GIVEN DATA:
○ ○ ○ ○ ○ ○ ○

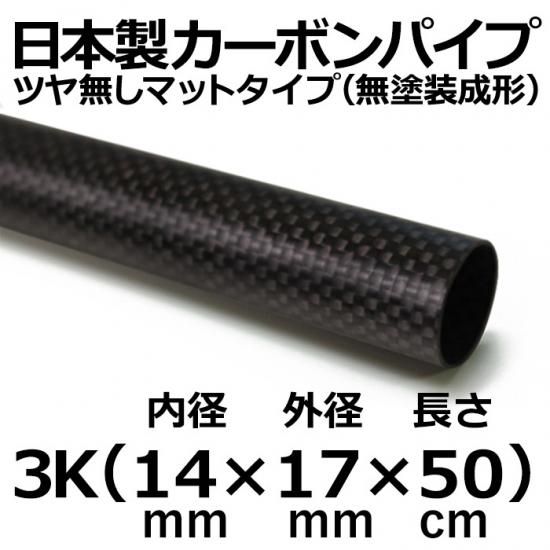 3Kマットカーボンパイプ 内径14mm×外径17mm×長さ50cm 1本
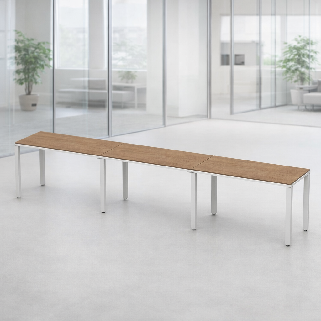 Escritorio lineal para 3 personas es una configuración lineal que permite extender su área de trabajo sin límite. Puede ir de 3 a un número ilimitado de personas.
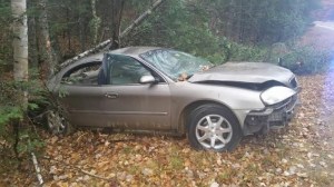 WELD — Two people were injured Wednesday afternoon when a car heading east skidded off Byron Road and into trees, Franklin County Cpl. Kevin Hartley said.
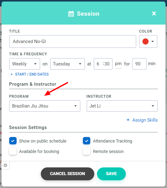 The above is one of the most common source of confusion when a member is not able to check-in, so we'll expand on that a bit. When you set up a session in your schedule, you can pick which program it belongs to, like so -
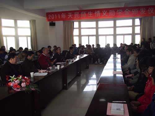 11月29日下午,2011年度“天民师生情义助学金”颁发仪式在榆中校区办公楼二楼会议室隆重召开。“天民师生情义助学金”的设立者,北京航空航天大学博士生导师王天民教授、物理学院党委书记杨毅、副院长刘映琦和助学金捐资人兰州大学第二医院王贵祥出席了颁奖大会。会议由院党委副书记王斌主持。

○ ○ ○ ○ ○ ○ ○

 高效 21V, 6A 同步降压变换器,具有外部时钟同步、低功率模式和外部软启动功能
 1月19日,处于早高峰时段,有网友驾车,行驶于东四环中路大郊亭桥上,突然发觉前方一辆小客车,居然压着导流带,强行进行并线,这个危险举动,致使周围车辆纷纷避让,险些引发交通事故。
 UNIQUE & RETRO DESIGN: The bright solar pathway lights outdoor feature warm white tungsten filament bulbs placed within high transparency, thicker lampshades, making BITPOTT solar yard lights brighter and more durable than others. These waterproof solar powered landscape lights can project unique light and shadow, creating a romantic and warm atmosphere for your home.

○ ○ ○ ○ ○ ○ ○

DESCRIPTION OF THE TASK: Go back to the listing above and write out the lines starting at the one with "3Kマットカーボンパイプ 内径14mm×外径17mm×長さ50cm 1本" and ending at the one with "The above is", inclusive, exactly and without pictures.

REPLY TO THE TASK:
 3Kマットカーボンパイプ 内径14mm×外径17mm×長さ50cm 1本
 Escritorio lineal para 3 personas es una configuración lineal que permite extender su área de trabajo sin límite. Puede ir de 3 a un número ilimitado de personas.
 WELD — Two people were injured Wednesday afternoon when a car heading east skidded off Byron Road and into trees, Franklin County Cpl. Kevin Hartley said.
 The above is one of the most common source of confusion when a member is not able to check-in, so we'll expand on that a bit. When you set up a session in your schedule, you can pick which program it belongs to, like so -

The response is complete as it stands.